Start of DATASET EXCERPT

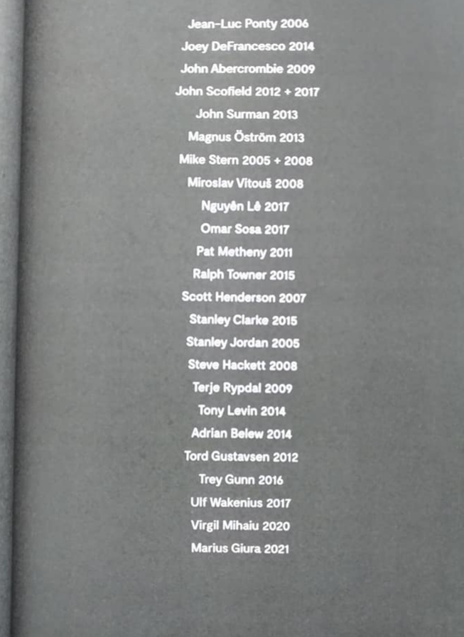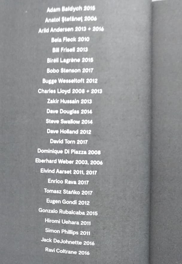 RALPH  TOWNER, GLENN  MOORE, PAUL MCCANDLESS, EBERHARD  WEBER, JOHN  SURMAN, COURTNEY  PINE, STANLEY  JORDAN, ESBJORN  SVENSSON, NILS  PETTER MOLVAER, ARILD  ANDERSEN, MISHA  ALPERIN, BOBO STENSON, AVISHAI  COHEN, JEAN – LUC  PONTY, ULF  WAKENIUS, EIVIND  AARSETH, MIKE  STERN, NGUYEN  LE, SCOTT  HENDERSON, VIKTORIA  TOLSTOY, MANU  KATCHE, CHARLES  LLOYD, JASON  MORAN, MIROSLAV  VITOUS, LARS DANIELSSON, LESZEK  MOZDZER, DOMINIQUE  DI  PIAZZA, JOHN  ABERCROMBIE, TERJE  RYPDAL, NIK  BARTSCH, MARCIN  WASILEWSKI, DAN  BERGLUND, TRYGVE  SEIM, ZAKIR  HUSSAIN, TRILOK  GURTU, BELA  FLECK, EDGAR  MEYER, HIROMI  UEHARA, JOHN  SCOFIELD, SLAWEK  JASKULKE, DAVE  HOLLAND, ENRICO RAVA, TOMASZ STANKO, STANLEY CLARKE, KEVIN  EUBANKS, CRAIG  TABORN, TORD  GUSTAVSEN, BUGGE  WESSELTOFT, NASHEET  WAITS, IIRO RANTALA, TREY GUNN, TONY LEVIN, ADRIAN BELEW, JOEY DEFRANCESCO, KURT ROSENWINKEL, SVANTE HENRYSSON, JOE LOVANO, și alții.
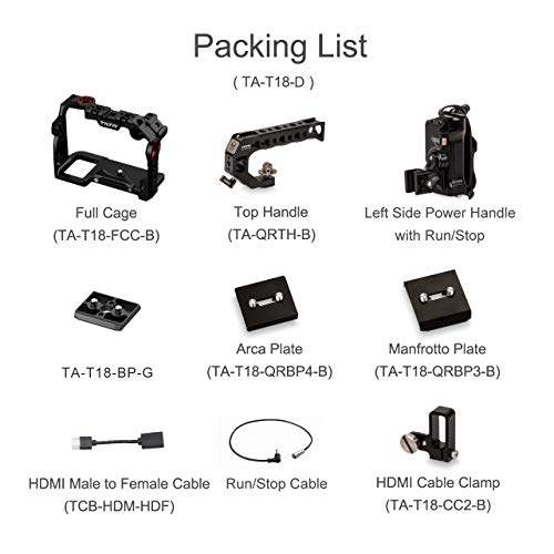Include: Full Camera Cage per Sony a7S III, maniglia superiore a sgancio rapido, piastre base a sgancio rapido Arca e Manfrotto, un adattatore HDMI maschio a HDMI femmina, un morsetto per collegare comodamente l'adattatore HDMI alla gabbia e infine un Left Side Advanced Power Handle con Run / Stop che può essere fissato al lato della gabbia.
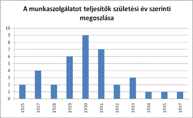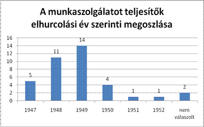 A fentiekben már szóltunk a vizsgált téma kutatásának hiányos voltáról az azonban ismeretes, hogy az első csoportokat 1947 tavaszán indították útnak és a munkaszolgálatnak ez a formája 1952-ig tartott, amikor is újra katonai sorszolgálat teljesítésére kötelezték őket. Mindezeket az adatokat támasztják alá a jelen kutatás folyamán napvilágra került adatok is. (2. ábra)
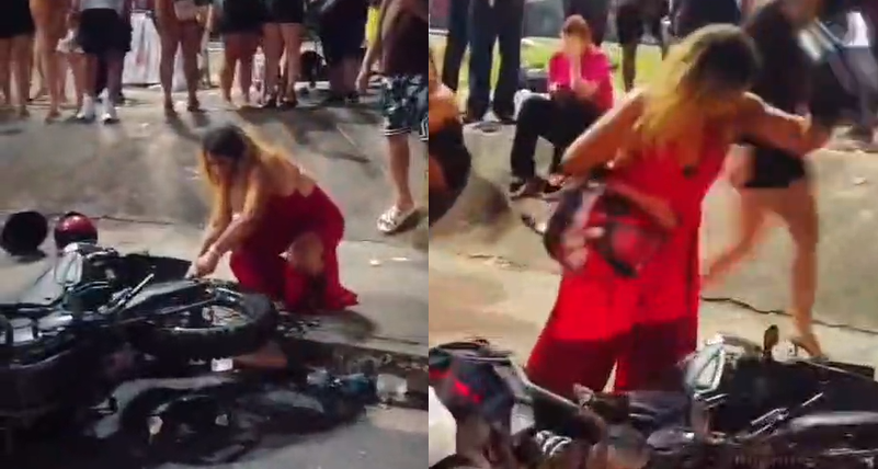 Uma briga de grandes proporções marcou a saída do show do cantor Pablo, na noite deste sábado (21), na Arena da Amazônia, em Manaus. Um vídeo que circula nas redes sociais mostra o momento em que uma mulher, aparentemente revoltada, fura o pneu de uma motocicleta que estava caída no chão.

End of DATASET EXCERPT

WHAT THIS TASK INVOLVES:
Before you return the listing, strip out its pictures; all else must match exactly.

OUTPUT OF THE EXERCISE:
 RALPH  TOWNER, GLENN  MOORE, PAUL MCCANDLESS, EBERHARD  WEBER, JOHN  SURMAN, COURTNEY  PINE, STANLEY  JORDAN, ESBJORN  SVENSSON, NILS  PETTER MOLVAER, ARILD  ANDERSEN, MISHA  ALPERIN, BOBO STENSON, AVISHAI  COHEN, JEAN – LUC  PONTY, ULF  WAKENIUS, EIVIND  AARSETH, MIKE  STERN, NGUYEN  LE, SCOTT  HENDERSON, VIKTORIA  TOLSTOY, MANU  KATCHE, CHARLES  LLOYD, JASON  MORAN, MIROSLAV  VITOUS, LARS DANIELSSON, LESZEK  MOZDZER, DOMINIQUE  DI  PIAZZA, JOHN  ABERCROMBIE, TERJE  RYPDAL, NIK  BARTSCH, MARCIN  WASILEWSKI, DAN  BERGLUND, TRYGVE  SEIM, ZAKIR  HUSSAIN, TRILOK  GURTU, BELA  FLECK, EDGAR  MEYER, HIROMI  UEHARA, JOHN  SCOFIELD, SLAWEK  JASKULKE, DAVE  HOLLAND, ENRICO RAVA, TOMASZ STANKO, STANLEY CLARKE, KEVIN  EUBANKS, CRAIG  TABORN, TORD  GUSTAVSEN, BUGGE  WESSELTOFT, NASHEET  WAITS, IIRO RANTALA, TREY GUNN, TONY LEVIN, ADRIAN BELEW, JOEY DEFRANCESCO, KURT ROSENWINKEL, SVANTE HENRYSSON, JOE LOVANO, și alții.
Include: Full Camera Cage per Sony a7S III, maniglia superiore a sgancio rapido, piastre base a sgancio rapido Arca e Manfrotto, un adattatore HDMI maschio a HDMI femmina, un morsetto per collegare comodamente l'adattatore HDMI alla gabbia e infine un Left Side Advanced Power Handle con Run / Stop che può essere fissato al lato della gabbia.
 A fentiekben már szóltunk a vizsgált téma kutatásának hiányos voltáról az azonban ismeretes, hogy az első csoportokat 1947 tavaszán indították útnak és a munkaszolgálatnak ez a formája 1952-ig tartott, amikor is újra katonai sorszolgálat teljesítésére kötelezték őket. Mindezeket az adatokat támasztják alá a jelen kutatás folyamán napvilágra került adatok is. (2. ábra)
 Uma briga de grandes proporções marcou a saída do show do cantor Pablo, na noite deste sábado (21), na Arena da Amazônia, em Manaus. Um vídeo que circula nas redes sociais mostra o momento em que uma mulher, aparentemente revoltada, fura o pneu de uma motocicleta que estava caída no chão.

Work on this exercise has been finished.